Haspinger le capucin, de son côté, s’était retiré dans son cloître ; il en sortit après quelque hésitation et vint rejoindre ses amis. Kenmater, Schenk et Mayer, trois des chefs les plus influens du Brenner et des districts de l’Eisach, se rendirent aussi au camp. On tint conseil. On se décida à combattre et à ne pas abandonner le Tyrol tant que la résistance serait possible.
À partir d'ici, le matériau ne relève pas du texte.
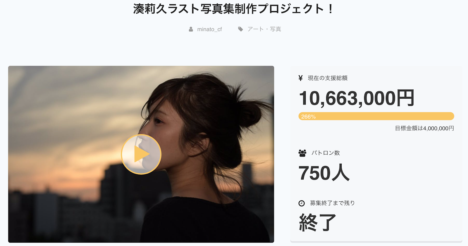 現在最流行的就是上募資平台直接請影迷投資拍攝「最後的寫真集」:只要女優夠有名、敢給的福利夠多那絕對可以募到比預期更多的錢,打個比方好了,不久前才退出恵比寿マスカッツ(惠比壽麝香葡萄)的湊莉久的募資計畫一口氣就吸引到了750人丟錢,拿到了比目標2人倍還多的錢(要400萬日幣結果拿到了1066萬)~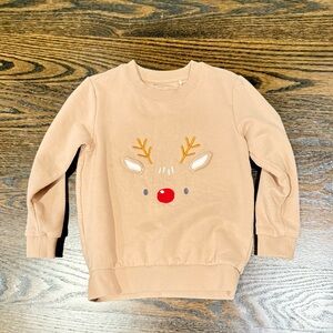 Petit Lem sweatshirts purchased for $51 (reindeer) and $49 (snow men). Minor stains shown in pictures and discounted appropriately. In great condition, worn once. As you can see from zoomed out photos stains are not prominent and definitely not noticeable (particularly for a toddler!)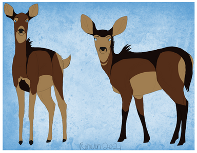 Description: Along with the White-Tailed Deer, the Roe Deer is the best known Eurasian deer, along within Moose, thanks to Felix Salton's story, Bambi. This deer got the white rump, and for the differences, the white rump patch is heart-shaped in females, and kidney-shaped in males. Baby roe deer are called "kids," which the other baby deer are called "fawns," while the big deer babies are called ,"calves." Roe Deer are native in Europe and North Asia.
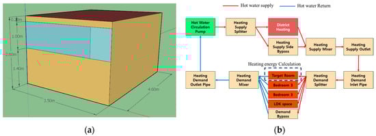 As depicted in Figure 2, the physical properties and composition of the building, including the thickness, length, and structure of exterior walls, windows, and floors, were generated based on architectural drawings and building equipment documentation to construct a suitable heating control simulator for the occupancy environment. The results are summarized in Table 1.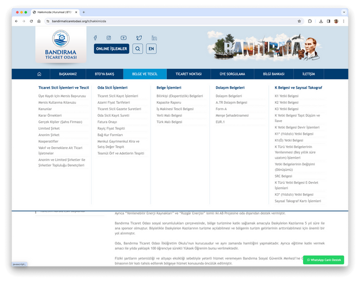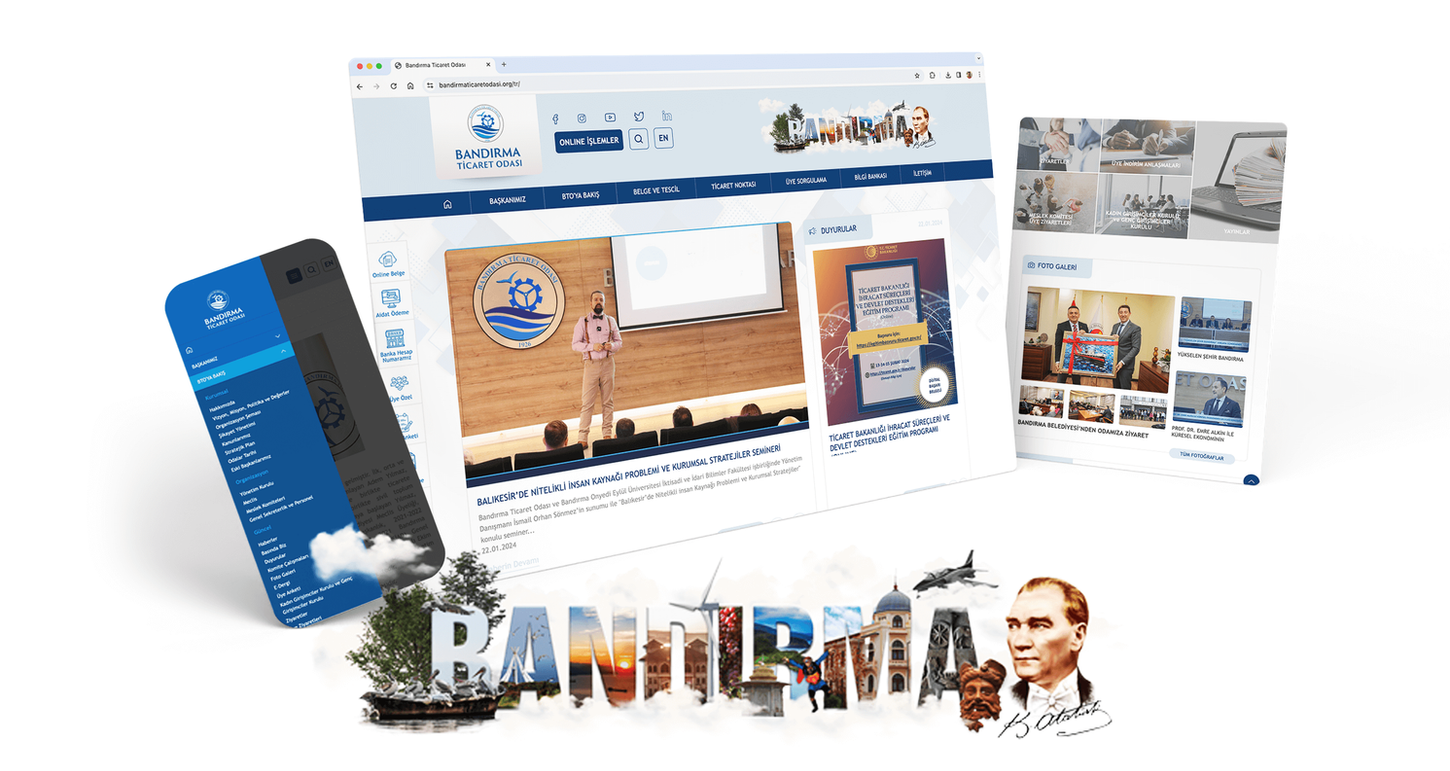 Bandırma Ticaret Odası ile birlikte, kurumsal ve kapsamlı bir web sitesi tasarım ve yazılım projesini başarıyla tamamlamış olmaktan mutluluk duyuyoruz. Bu projede, markanın dijital varlığını güçlendirecek modern ve işlevsel bir çözüm sunduk.

Dès le lendemain de ce conseil, les hostilités recommencèrent avec plus de furie que jamais, et du 4 au 11 d’août, dans cette semaine qu’ils ont appelée la mémorable semaine, quand tout paraissait perdu, les Tyroliens, livrés à eux-mêmes, déployèrent une constance et une bravoure qu’on ne saurait trop admirer.

Hofer, à la sortie du conseil, s’était rendu dans le Passeyer-Thal pour hâter la levée en masse de sa vallée et des districts de Meran ; Hofer, l’apôtre plutôt que le général de l’insurrection, Hofer plus propre à rendre un oracle qu’à donner un ordre, et, quoique brave, bien inférieur en talens militaires et en ressources, à ses compagnons Speckbaker et Haspinger.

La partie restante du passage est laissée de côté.